§ Task to complete:
Could you restate word for word every line from the one containing "Девушка Элли спасает фламинго" to the end of the data below, pictures excluded?

§ Material provided:
◆ ◆ ◆ ◆ ◆
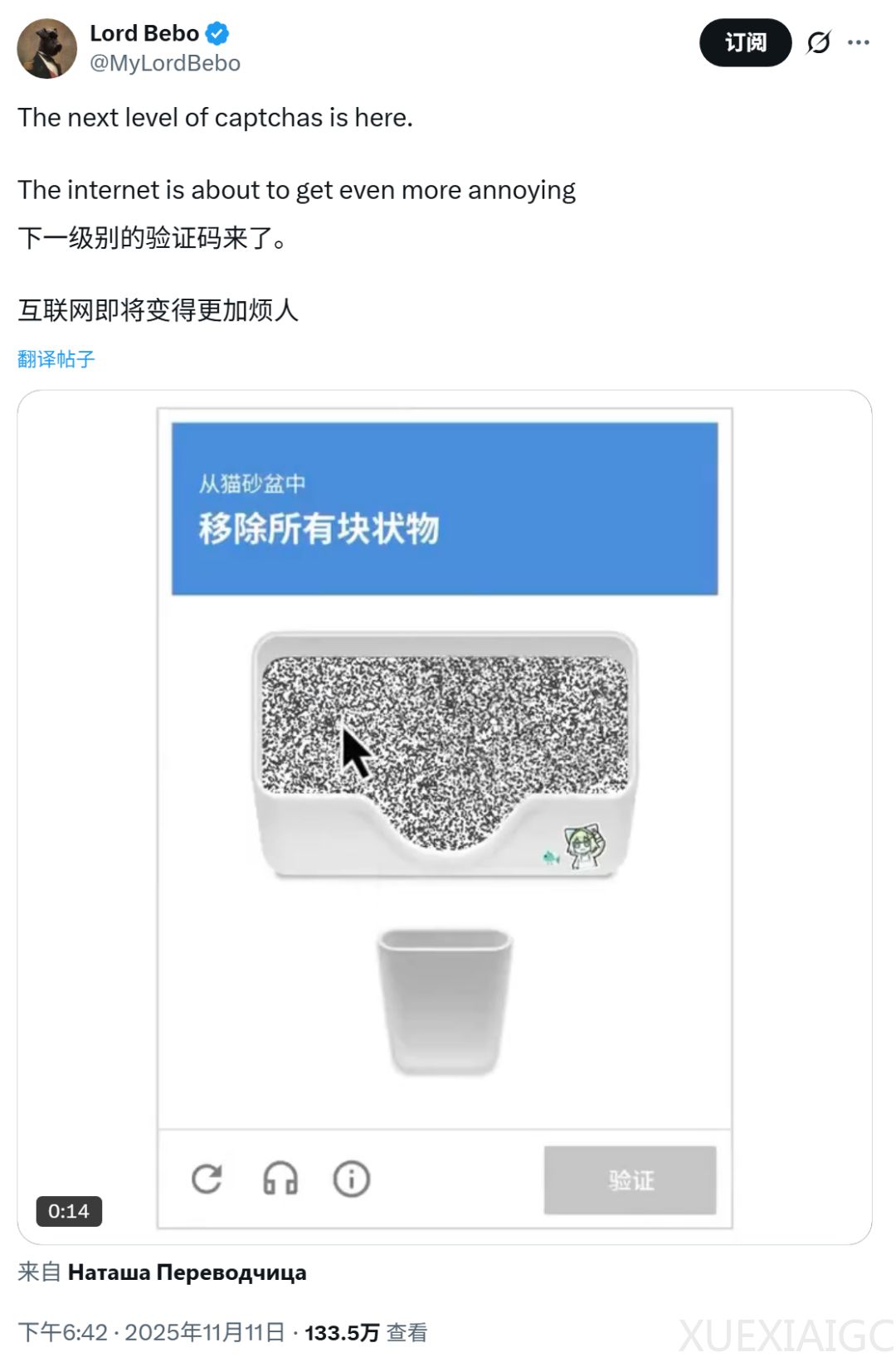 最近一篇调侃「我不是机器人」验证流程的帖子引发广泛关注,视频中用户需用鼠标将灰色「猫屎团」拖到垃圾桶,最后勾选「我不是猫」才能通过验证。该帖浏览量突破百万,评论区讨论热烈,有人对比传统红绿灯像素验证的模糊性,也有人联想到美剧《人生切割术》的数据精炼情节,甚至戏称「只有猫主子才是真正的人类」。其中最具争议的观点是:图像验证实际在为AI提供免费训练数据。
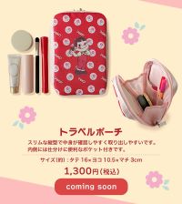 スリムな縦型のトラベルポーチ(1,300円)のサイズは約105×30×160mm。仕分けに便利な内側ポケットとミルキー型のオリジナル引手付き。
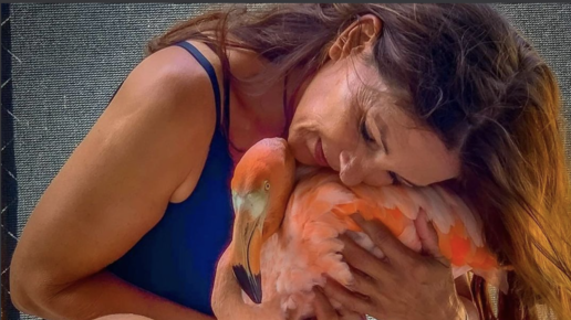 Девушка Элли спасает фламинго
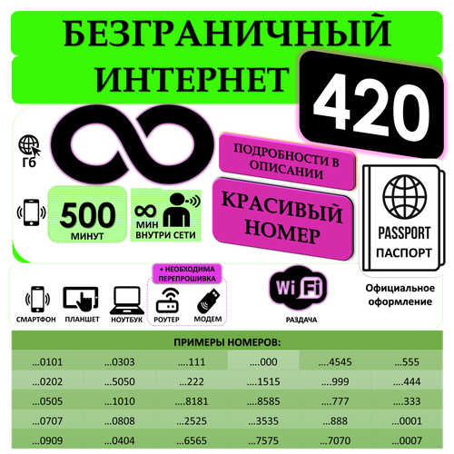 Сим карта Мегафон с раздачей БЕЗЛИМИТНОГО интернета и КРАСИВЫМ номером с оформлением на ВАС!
◆ ◆ ◆ ◆ ◆
§ Task response:
 Девушка Элли спасает фламинго
 Сим карта Мегафон с раздачей БЕЗЛИМИТНОГО интернета и КРАСИВЫМ номером с оформлением на ВАС!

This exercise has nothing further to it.